Jeugd & boer

Het doel van het project:
- Het opzetten van een uniek samenwerkingsverband in de Krimpenerwaard waarin alle schakels – van bodem tot bord – samenwerken aan toekomstbestendige voedseleducatie.
- Marktvalidatie en verdienmodellen onderzoeken voor onze werkwijze en lesmateriaal.
- Het vergroten van de regionale betrokkenheid en samenwerking tussen voedselproducenten, scholen en maatschappelijke organisaties rondom voedseleducatie.
Jeugd en boer zijn een gezonde toekomst Waard
Van boer tot bord; de herkomst van voedsel in de korte keten
Voedselfamilie Krimpenerwaard heeft een LEADER-subsidie ontvangen om het project Voedseleducatie verder te versterken. Onder de titel Jeugd en boer zijn een gezonde toekomst Waard – van boer tot bord; de herkomst van voedsel in de korte keten wordt gewerkt aan een innovatief lesprogramma over de herkomst van voedsel in de korte keten.
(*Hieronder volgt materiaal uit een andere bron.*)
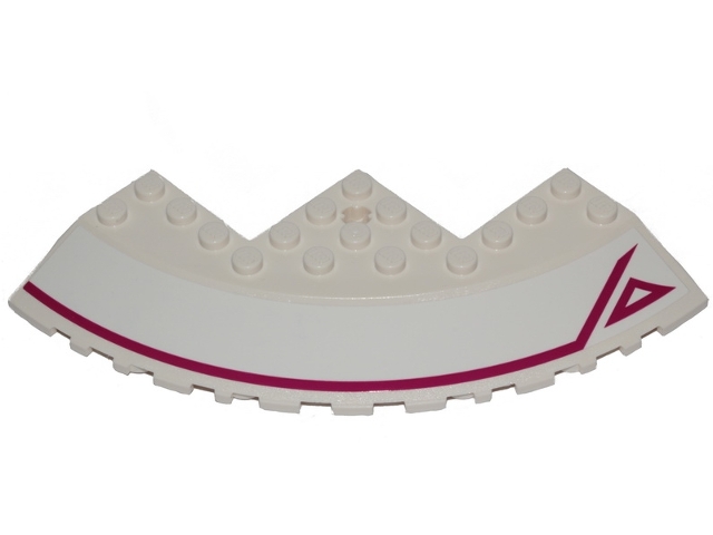 Brick, Round Corner 10 x 10 with Slope 33 Edge, Axle Hole, Facet Cutout with Magenta Stripe and Outlined Triangle Pattern Model Right Side (Sticker) - Set 70849
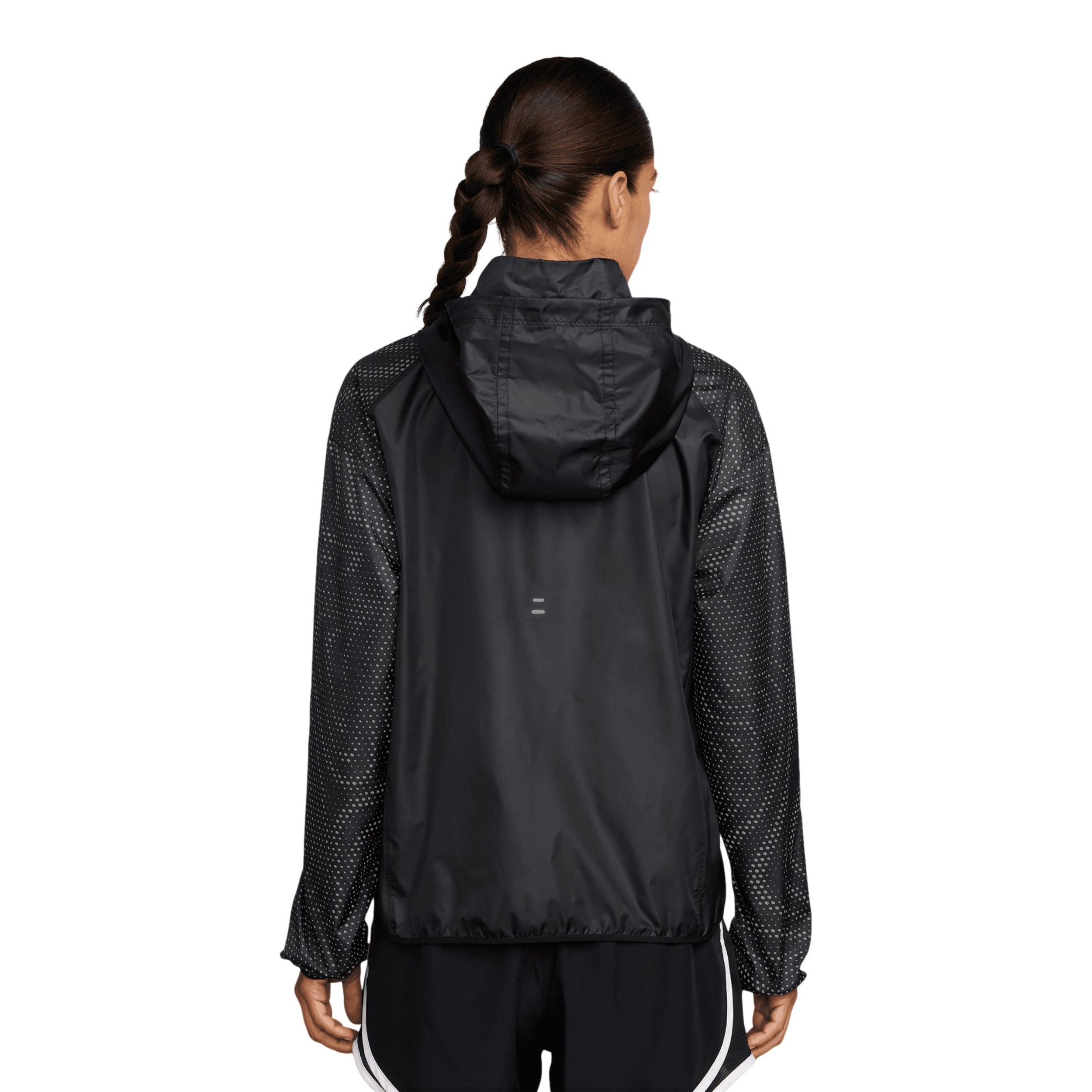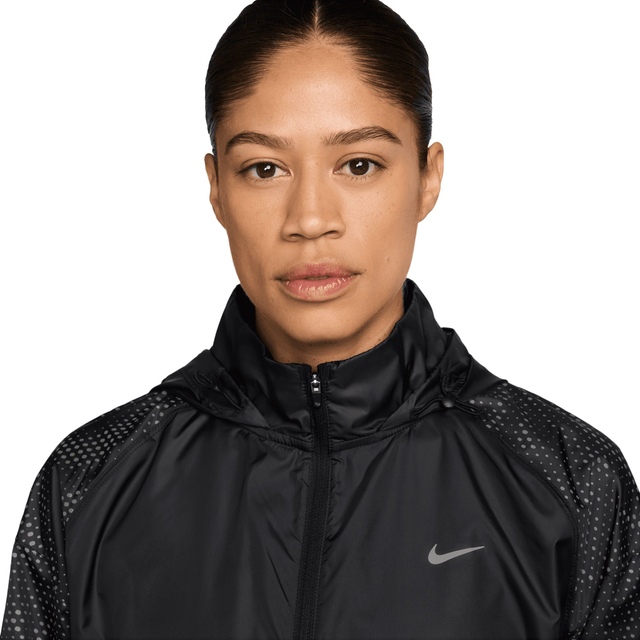 Stay visible and dry during your evening runs with the Nike Women's Tempo Repel Jacket. This lightweight jacket features a dynamic reflective print and a water-repellent finish, ensuring you can keep your rhythm even in wet conditions. Designed for comfort, it offers a loose fit for easy layering.
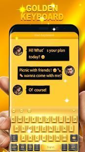Keyboard themes golden has different background themes, unique keyboard Emojis, stickers, emoticons.
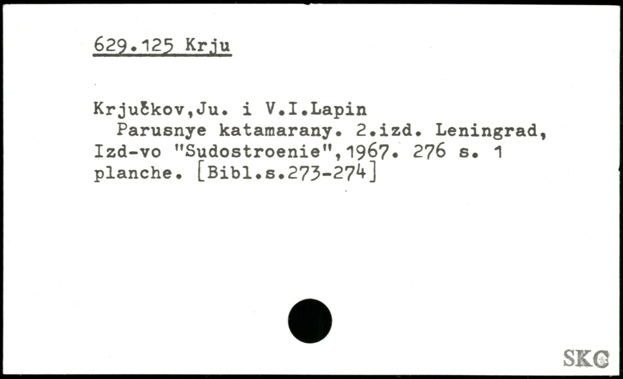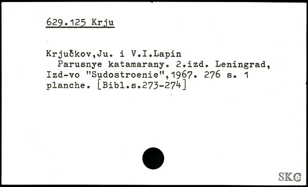 Krjufckov,Ju. i V.I.Lapin Parusnye katamarany. 2.izd. Leningrad, Izd-vo "Sudostroenie”,1967
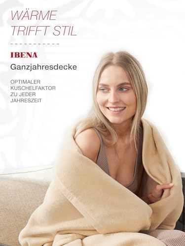 Wohndecke IBENA Luxus, beige, B:220cm L:240cm, Baumwolle, Kunstfaser, Wohndecken, Wohndecke, verschiedene Größen, unifarbenes Design, Kuscheldecke, Made in Europe

In de Krimpenerwaard wordt een samenhangende lessenserie Voedseleducatie ontwikkeld over thema’s als hoe wordt ons voedsel gemaakt, waterkwaliteit, gezonde bodem, duurzaamheid, en gezonde voeding. Leerlingen ontdekken via praktijklessen op boerderijen en gastlessen op school hoe voedsel wordt geproduceerd en waarom lokale ketens belangrijk zijn. De lessen sluiten aan bij de kerndoelen van het onderwijs en versterken de verbinding tussen boer, producent en consument.
Na drie jaar met losse pilots is het nu tijd voor de volgende stap: een duurzaam programma met een doorlopende leerlijn. Hiervoor wordt de haalbaarheid van een regionaal samenwerkingsverband onderzocht tussen boeren, voedselproducenten, molenaars, natuurverenigingen, voedingskundigen en andere lokale partners. Ook wordt gekeken naar geschikte administratieve systemen en uitbreiding van het aanbod met nieuwe educatieboeren, zoals pluimvee-, schapen- en kalverhouderijen.
Daarnaast onderzoeken we de marktvalidatie en verdienmodellen voor onze werkwijze en het lesmateriaal. We kijken of de methode in de regio of elders in Nederland in de markt kan worden gezet, welke doelgroepen daarvoor geschikt zijn en welke verdienmodellen het meest duurzaam en rendabel zijn. Zo kan het samenwerkingsverband in de toekomst zelfstandig verder, zonder afhankelijk te blijven van subsidies of gemeentelijke steun.